LETTER FROM THE PUBLISHER
Melvin Maddocks had just finished reading a book for one of his many TIME reviews. It was Robert Fitzgerald's new translation of The Iliad, and a passage describing the ancient Greek funeral games had stirred memories. "I remembered reading about that as a boy," he says. "I kept thinking then how strange it was for these ancient Greeks, these grown men, to be wrestling, running races, competing in sports. It didn't seem possible to me."
It was not that Maddocks, whose story on the squash-playing Khan family begins on page 26, thought that sports were inappropriate, but that they were for kids like himself, and that grownups who took them seriously were a bit foolish. "I remember an Irwin Shaw story called The Eighty-Yard Run," he says, "in which a football player has one great afternoon. Everything he does afterward means nothing. That was our notion of sports back then, that there came a time when serious-minded people should put aside the games of a child and take up the things of a man." For Maddocks, that meant switching from writing about football games and Boston Marathons to more adult topics, like the cultural commentaries and book and theater reviews that have occupied him over the years for The Christian Science Monitor, LIFE and TIME.

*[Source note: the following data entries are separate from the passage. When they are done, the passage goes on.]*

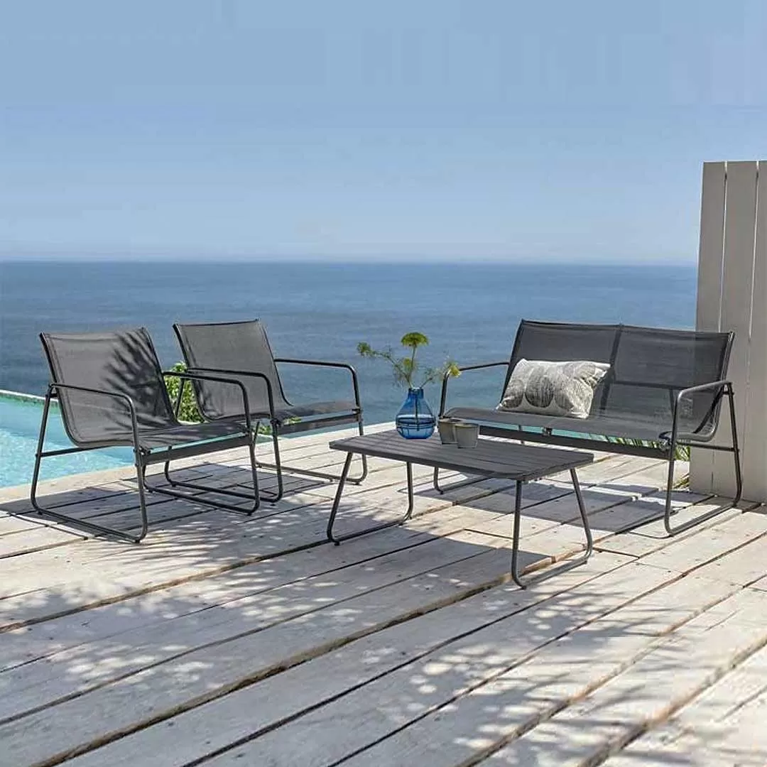 Baštenska garnitura za dvorište ili terasu, a moguće ju je koristiti i u nekom prigodnom unutrašnjem prostoru. U paketu dobijate 2 prostrane fotelje, dvosed i sto. Konstrukcija svih delova garniture napravljena je od čelika koji je zaštićen premazom.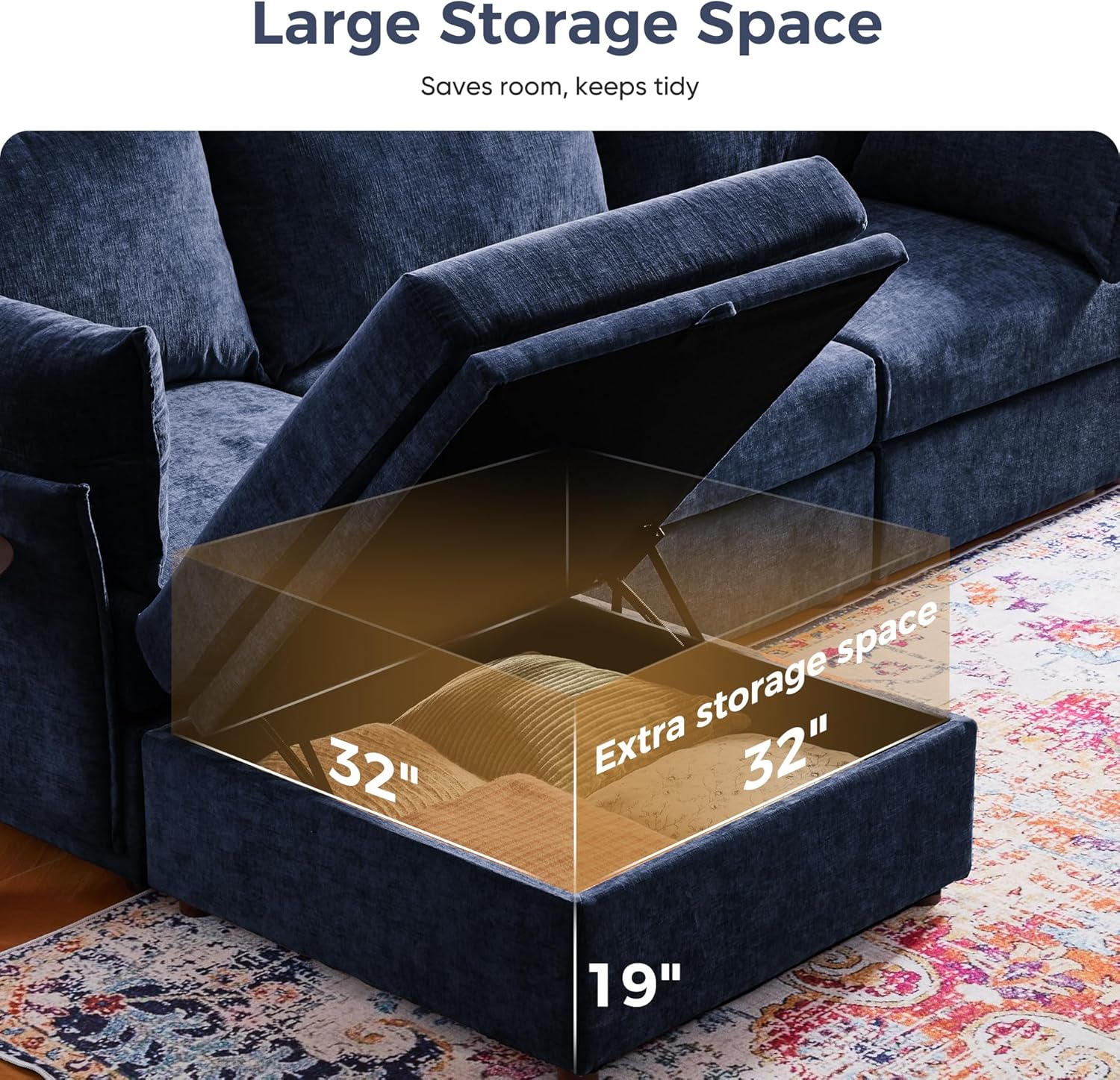 - đź’ˇ Stylish and Spacious Sectional Sofa - A blend of modern elegance and comfort, this blue sofa is ideal for contemporary interiors. Customize seating and shape by adding or removing modules to fit your needs. It's perfect for your living room, family room, bedroom, or office. Overall size: 198.6" W Ă— 100.5" D Ă— 36" H, seat width: 32", seat depth: 24.5".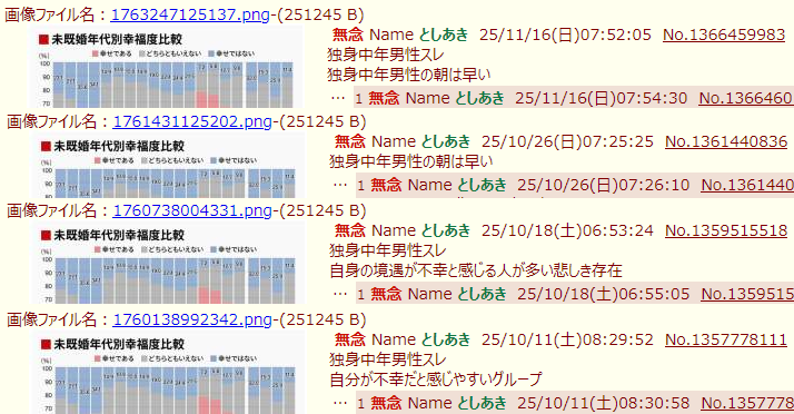 | … | 20無念Nameとしあき25/11/16(日)11:22:17No.1366497586+構ってもらうのが目的のキチガイハゲニートラムザのIDチェックスレなのでdelして放置で |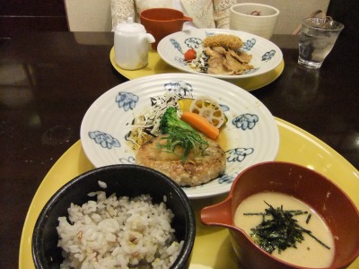 でもって、ヨドバシカメラの8階にある安全・安心・健康 さんるーむで自然食風なディナーしてきました。 私はレンコンのハンバーグ。 七穀米、とろろ、マンゴープリン+バナナアイス、珈琲が付いて1480円でした。 お酒を飲まない外食、久しぶりだわ(笑)。 結構美味しかったしゆっくりできたし良いお店ですね^^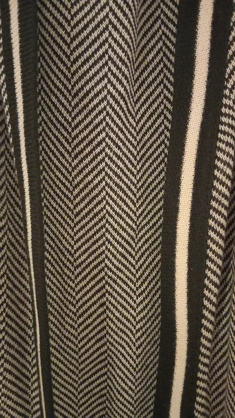 This is a My Way sleeveless open-front cardigan vest. It features a chevron knit pattern with contrasting trim and a geometric hemline. Made in Canada, size medium.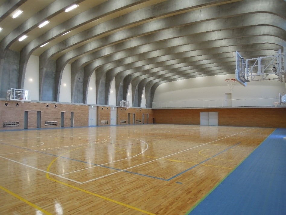 This project involved the construction of a new gymnasium for Tokyo Future University. Pillar, beam and slab PCa members were manufactured at our plant and assembled on-site. Assembly was performed using prestress pressure bonding. Eighteen rows of a curved frame with a span of 25 m were arranged at a pitch of 2.1 m to create a large, innovatively designed space. In addition, the building frame was erected in two months, thereby contributing to a shortened construction period. This project made full use of the design innovation and construction period shortening potential which characterizes the PCaPC method. |
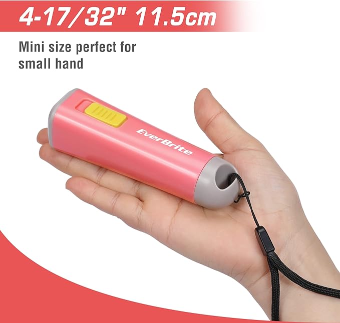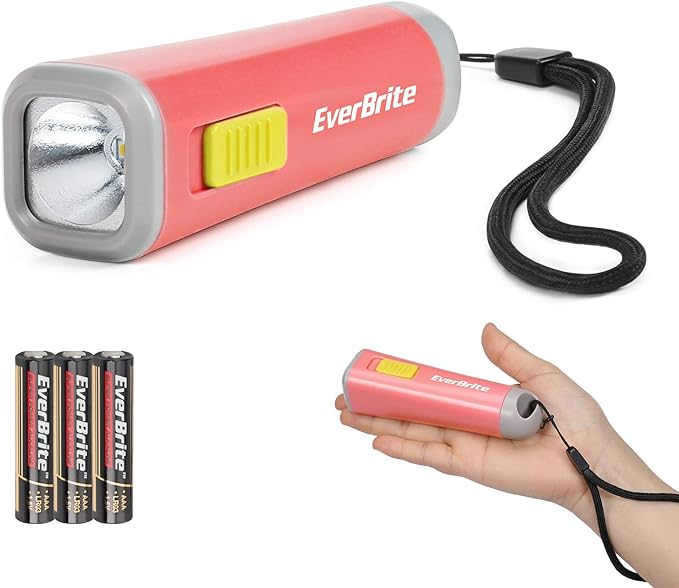 EverBrite Kids Flashlight, Mini LED Flashlight, Plastic Torch Use for Emergencies, Camping, Outdoor with Lanyard 3AAA Battery Included, Coral

"The difference then between fun and serious life was much more distinct than now," he says. "It's easy to forget, but there was a time when people were ashamed to admit they played tennis. Golf was about the only game that was dignified. You could do business on the course, sell something. But a man was considered a freak if he did more than play golf or take a swim in the summer."
A combination of three growing children and the great physical culture boom that began in the '50s awakened Maddocks to the realization that age imposes no restriction on the enjoyment of sport. Now he can boldly tell the world that yes, he plays tennis four times a week from April to November, yes, he skates in winter and even plays hockey with his children, and, yes, he owns a squash racket, even though he only dabbles at that game.

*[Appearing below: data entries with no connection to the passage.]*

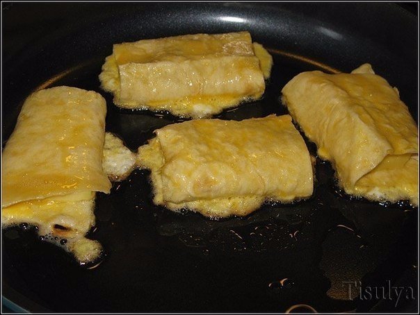 Сыр внутри плавится, а снаружи получается аппетитный румяный омлет - очень вкусно!!!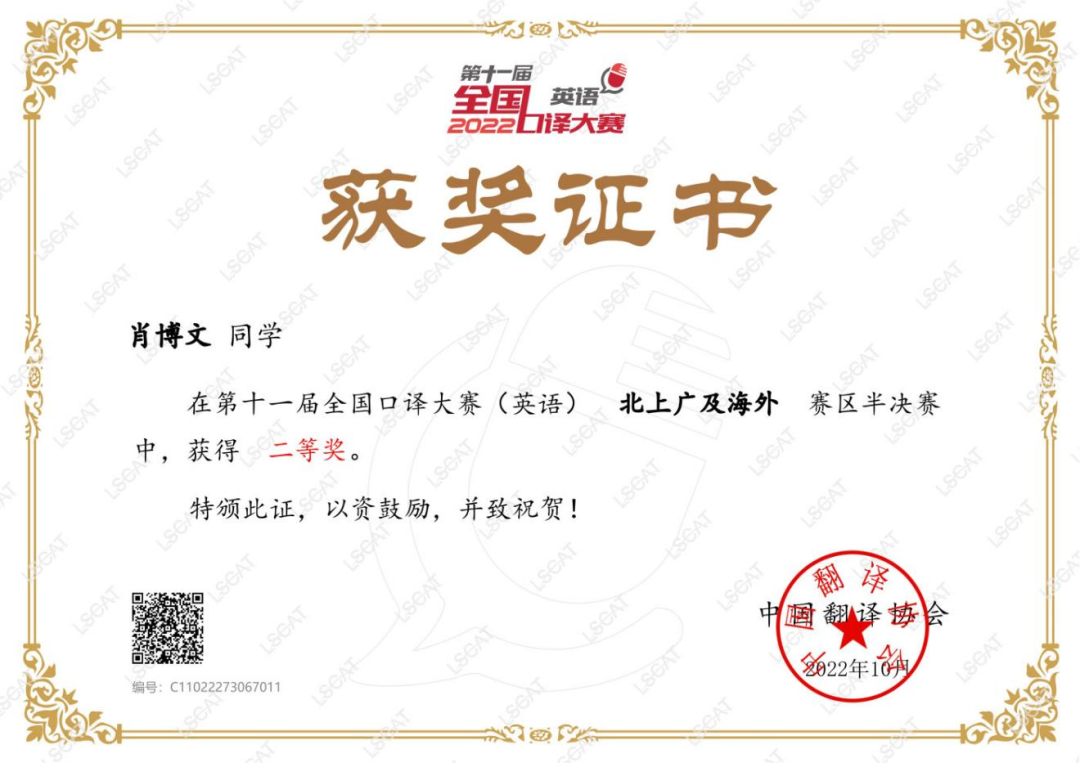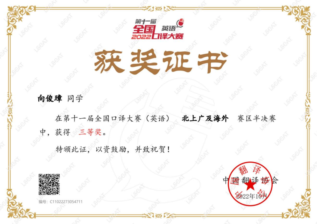 2020级英语语言文学硕士涂杰同学荣获一等奖,本科2019级国际新闻全英文实验班肖博文同学荣获二等奖,本科2019级英语系张夕同学与2021级MTI硕士向俊璋同学荣获三等奖。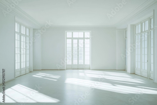 Sunlight streams through expansive windows in a minimalistic interior, creating gentle shadows on the white floor and brightening the tranquil atmosphere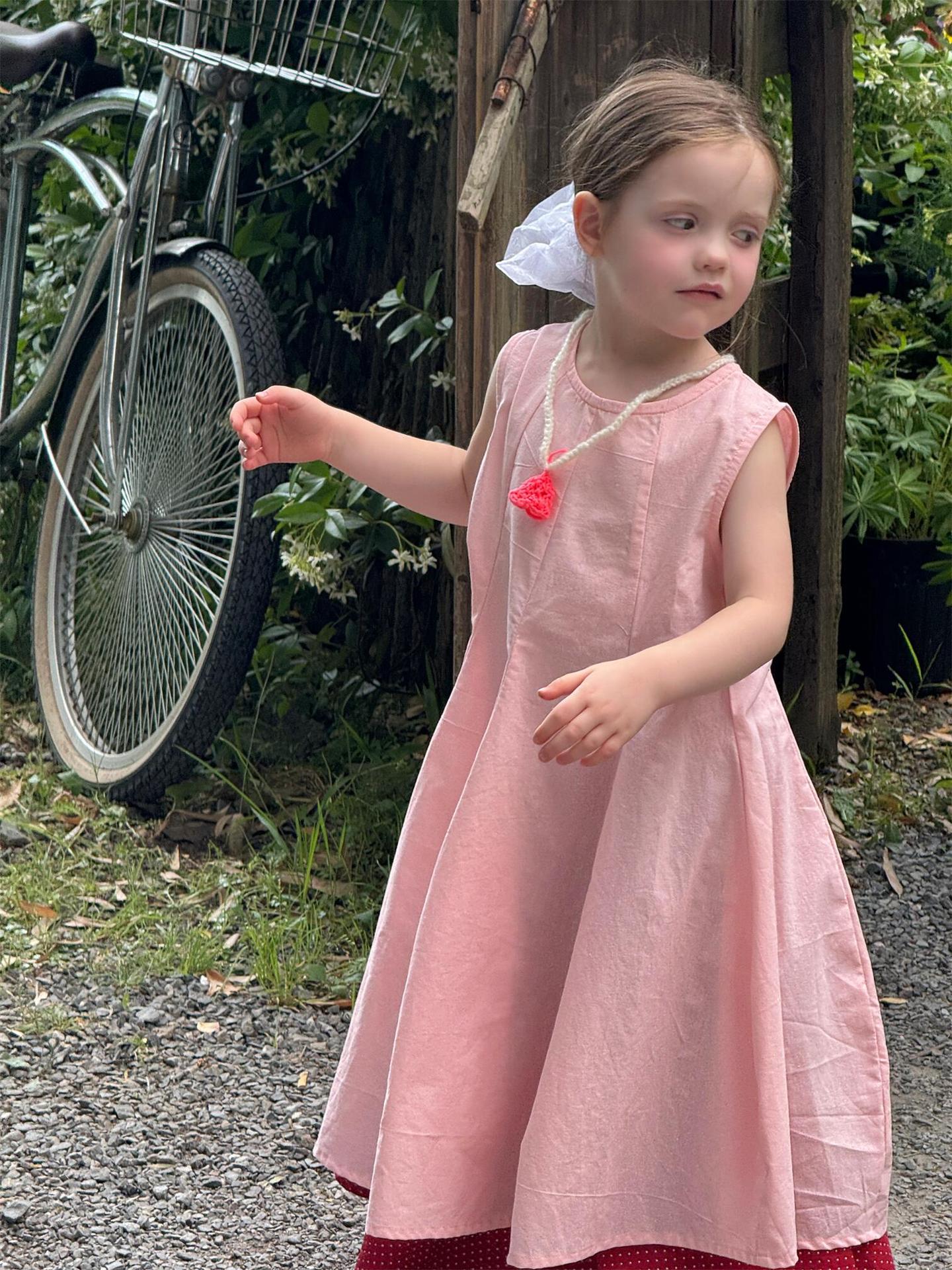 #キッズワンピース #子供服 #ノースリーブワンピース #タックスカート #ロングワンピース #ピンクワンピース #女の子服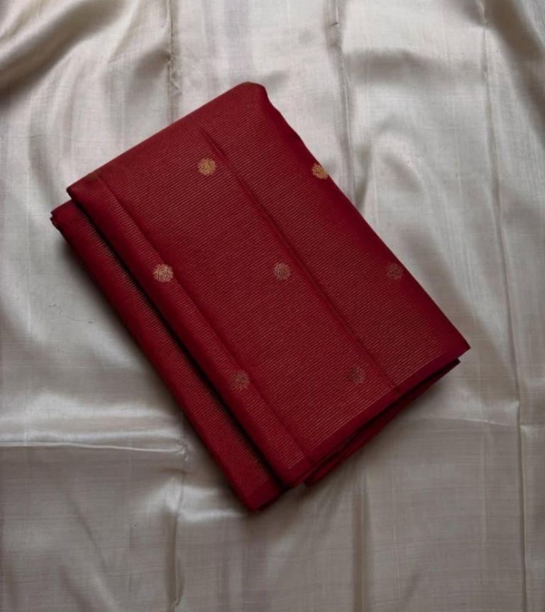 “Tanira” – means sacred beauty and strength. Tanira is a classic Kanjivaram silk saree that radiates understated elegance. The body is woven in a deep maroon shade, adorned with subtle golden buttas that enhance its refined charm. Its simplicity is beautifully balanced with rich traditional weaving.

And, happily for SPORTS ILLUSTRATED, it meant that Maddocks was free to focus his journalistic talents on sport as well as the arts. During the last several years he has found time to do pieces for us on such disparate subjects as the late Hazel Wightman, youth hockey, the Boston Red Sox' Carlton Fisk and the Khans, whose familial cohesion pleases family man Maddocks.
"Hashim, the old man, is great," he says of the Khan patriarch. "He's like Hemingway's old man of the sea. The game is so much a part of him. Sharif, the son, is the most sophisticated. He enlarges the game to encompass more than just court, racket and ball. He calls it a religion, and to the family it is.
"The Khans are a fine example of sport and life blending smoothly. And that was something I used to have trouble believing was possible."